Crypto fund Variant raises $450 million to invest in DeFi and Web3 projects

Crypto markets are down, dampening the industry, but that’s not stopping venture capital firm Variant, which announced Thursday that it has raised $450 million in two funds aimed at Web3 and decentralized finance startups.

Variant is a crypto-focused early-stage investment fund founded by Andreessen Horowitz veterans who have backed well-known Web3 and crypto projects, including decentralized crypto exchange Uniswap, decentralized non-fungible token marketplace Magic Eden, and Ethereum scaling project Polygon, among others.

The money is part of Variant Fund III, which is intended to “invest in the builders of the user-owned web,” Variant partners Li Jin, Spencer Noon and Jesse Walden wrote in the announcement.

The fund is split into two parts: a seed fund of $150 million designed to help startups and the remaining $300 million for an opportunity fund for projects within Variant’s own portfolio that have proven their value.

“What we have learned in recent years has reinforced our thesis that user-owned networks are growing larger and faster than their traditional centralized counterparts, with more favorable financial terms for users,” the partners wrote. “Beyond that, it has also shown that ownership is a vast design space, with diverse experiences ranging from participation in a community to financial exposure to governance.”

The fund will specifically target DeFi projects, blockchain computing, consumer-oriented Web3 projects and new forms of ownership such as non-fungible tokens.

Web3 is the name computer experts gave to the next evolution of the World Wide Web, also known as the decentralized web, which allows financial transactions to be done peer-to-peer via blockchain technology. These transactions are governed by smart contracts that execute trades without the need for intermediaries or centralized institutions, thereby allowing developers to create software that allows communities to control their own resources.

This is the basic philosophy behind DeFi, or decentralized finance, which uses blockchain technology to create crypto-token economies. These economies have been used to reproduce decentralized versions of traditional finance, including exchanges for securities trading, interest generation, lending, and more, all using crypto-assets.

Web3 has also led to allowing the virtual ownership of digital assets through non-fungible tokens, something Jin said Fortune Variant is also focused on. Although most NFTs have been digital collectibles and artwork, they can also represent items in video games, music, video, documents, concert tickets, and other virtual consumer goods.

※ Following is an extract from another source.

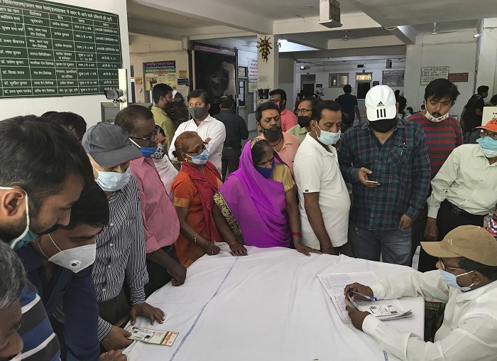 Un grupo de gente espera para registrarse en una lista de vacunación contra el coronavirus, en el hospital Railway, en Prayagraj, India. Foto: Rajesh Kumar Singh, AP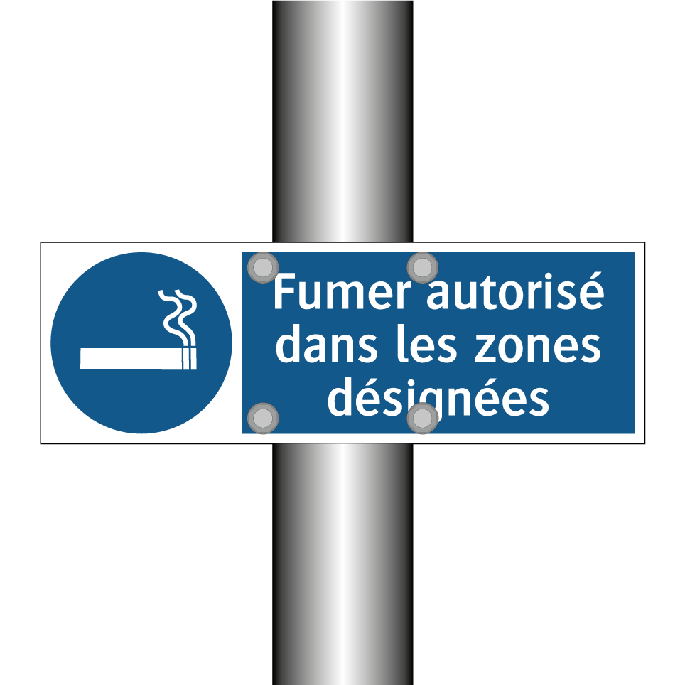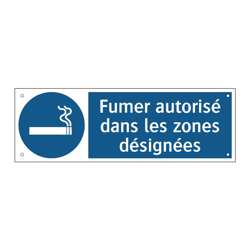 Panneau d'obligation avec le texte : "Fumer autorisé dans les zones désignées"

“Web2 was digital feudalism, and Web3 is digital capitalism,” she said. “Web3 is a paradigm shift, in that it introduces capitalism to the internet. It introduces the possibility for people to actually own capital and become capital owners of their own production.”

Using NFTs, it is possible to incentivize users by giving them ownership of assets in an ecosystem, such as game items, collectibles, or their avatars in virtual worlds. Token models can also be used as part of loyalty systems that can allow users to trade them not only for goods on a platform, but to exchange them on external markets for money, making the tokens valuable to earn. According to Jin, these new use cases combine multiple social and economic systems in ways not possible in older systems.

Variant raised $22.5 million and $110 million in the previous two funds.

The partners said the small size of the funds is deliberate: It is intended to allow the firm to remain close to its portfolio companies and guide them. They added that the next three to five years will be critical for the crypto and Web3 industries, and what happens now will determine the future.